For effective enforcement of ban on identified single-use plastics items, national and state level control rooms will be set up and special enforcement teams will be formed, the Ministry of Environment, Forest and Climate Change says.

States and Union Territories have been asked to set up border checkpoints to stop inter-state movement of any banned single-use plastic items, it adds.

The list of banned items includes earbuds with plastic sticks, plastic sticks for balloons, plastic flags, candy sticks, ice- cream sticks, polystyrene (thermocol) for decoration, plastic plates, cups, glasses, cutlery such as forks, spoons, knives, straw, trays, wrapping or packaging films around sweet boxes, invitation cards, cigarette packets, plastic or PVC banners less than 100 micron, and stirrers.

This comes after prime minister Narendra Modi gave a clarion call to phase out single-use plastic items by 2022. In the 4th United Nations Environment Assembly held in 2019, India had piloted a resolution on addressing single-use plastic products pollution.

The Plastic Waste Management Amendment Rules, 2021, also prohibit manufacture, import, stocking, distribution, sale and use of plastic carrybags having thickness less than seventy five microns with effect from September 30, 2021, and having thickness less than thickness of one hundred and twenty microns with effect from December 31, 2022.

The Ministry of Environment, Forest and Climate Change has also notified the Guidelines on Extended Producers Responsibility on plastic packaging as Plastic Waste Management Amendment Rules, 2022 on February 16, 2022. Extended Producer Responsibility (EPR) is the responsibility of a producer for the environmentally sound management of the product until the end of its life.

The guidelines aim to provide a framework to strengthen the circular economy of plastic packaging waste, promote development of new alternatives to plastic packaging and provide next steps for moving towards sustainable plastic packaging by businesses.
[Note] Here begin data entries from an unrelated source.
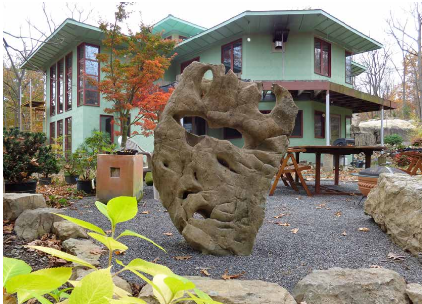
A water-eroded limestone slab.

Returning to following the water, the north creek then flows from the Tully limestone onto the Moscow shale. Artesian springs at the base of the limestone flow year-round at 48°F (8.8°C) so the subsequent waterfalls never freeze in the winter. The creek flows past Pride Rock, at 39,000 pounds (17690 kg), one of the largest rocks that we’ve moved. The tip of Pride Rock is splattered with tar that melted off the roof of a cottage that burned down in the 1950s. We’re building our new house over the old foundation. A crack in Pride Rock is planted with Daphne x medfordensis ‘Lawrence Crocker’, one of the first of many daphnes planted throughout the garden.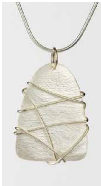
Flat Pendant - Round-Top Drop

Japanese Earrings measure 2" in length x 1 5/8" in width.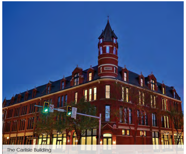
The Carlisle Building

For more information visit mainstreetmedina.com/renew-medina.html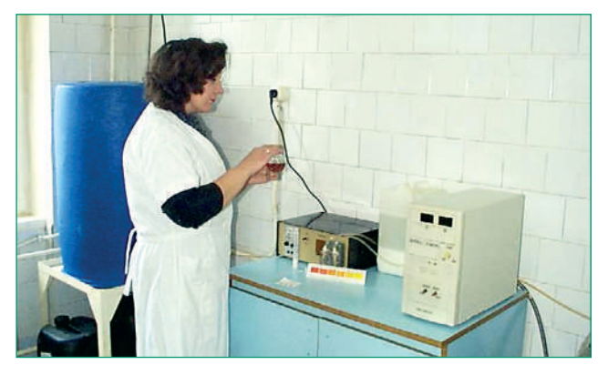
Fig.6.4.1. STEL-10N-120-01 device (model 80) with a capacity of 80 l/h for anolyte ANK. City Clinical Hospital No. 52, 1999.

tral ANK, Anolyte ANK SUPER) as a disinfectant, which is produced in STEL devices (STEL-10N-120–01, STEL-ANK-PRO, STEL- ANK-SUPER), developed by a group of scientists and specialists under the leadership of V. M. Bakhir [16].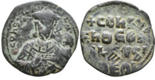
616 Byzantine Coins Æ 4,74g. 25,5mm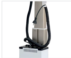
5m Curly Cord for Charging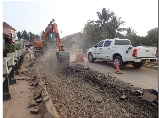
Removal of Existing pavement work on Bridge Surface Right side on 15 th February 2023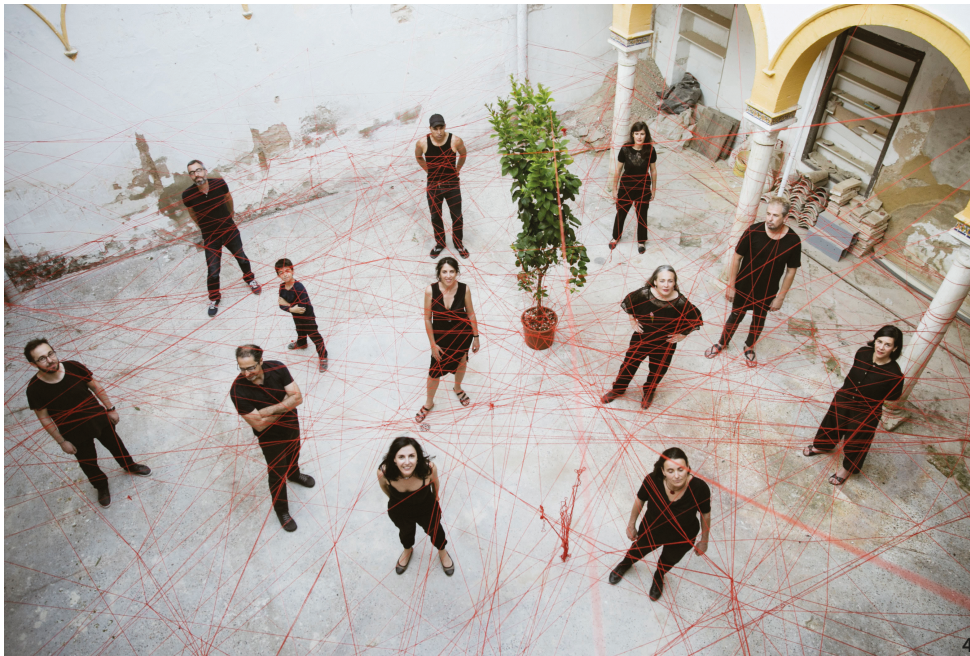
Figure 4 The PAX Team members during the installation done for the 15 th International Exhibition of Architecture. La Biennale of Venice (Source: Sergio Flores).

Recognised as part of the Faro Convention Network by the Council of Europe in 2018 for applying social heritage values in an urban context, PAX was invited to the 15 th International Architecture Exhibition La Biennale in Venice in 2016 (Figure 4) and has been declared a 'best practice' project by the Madrid City Council for improving the social economy in a neighbourhood (2018) and has been the subject of an article published in the internationally Italian magazine Abitare (Franzoia 2016).

"Capacity building workshops are being organised for MSME units to provide them technical assistance for manufacturing of alternatives to banned single use plastic items with the involvement of central and state pollution control boards along with Ministry of Small Micro and Medium Enterprises and Central Institute of Petrochemicals Engineering (CIPET) and their state centres," the government says, adding that provisions have also been made to support such enterprises in transitioning away from banned single use plastics.

CPCB Grievance Redressal app has been launched to empower citizens to help curb plastic menace.

The government says it has taken measures for awareness generation towards elimination of single-use plastics. "The awareness campaign has brought together entrepreneurs and startups, industry, central, state and local governments, regulatory bodies, experts, citizens organisations, R&D and academic institutions," it adds.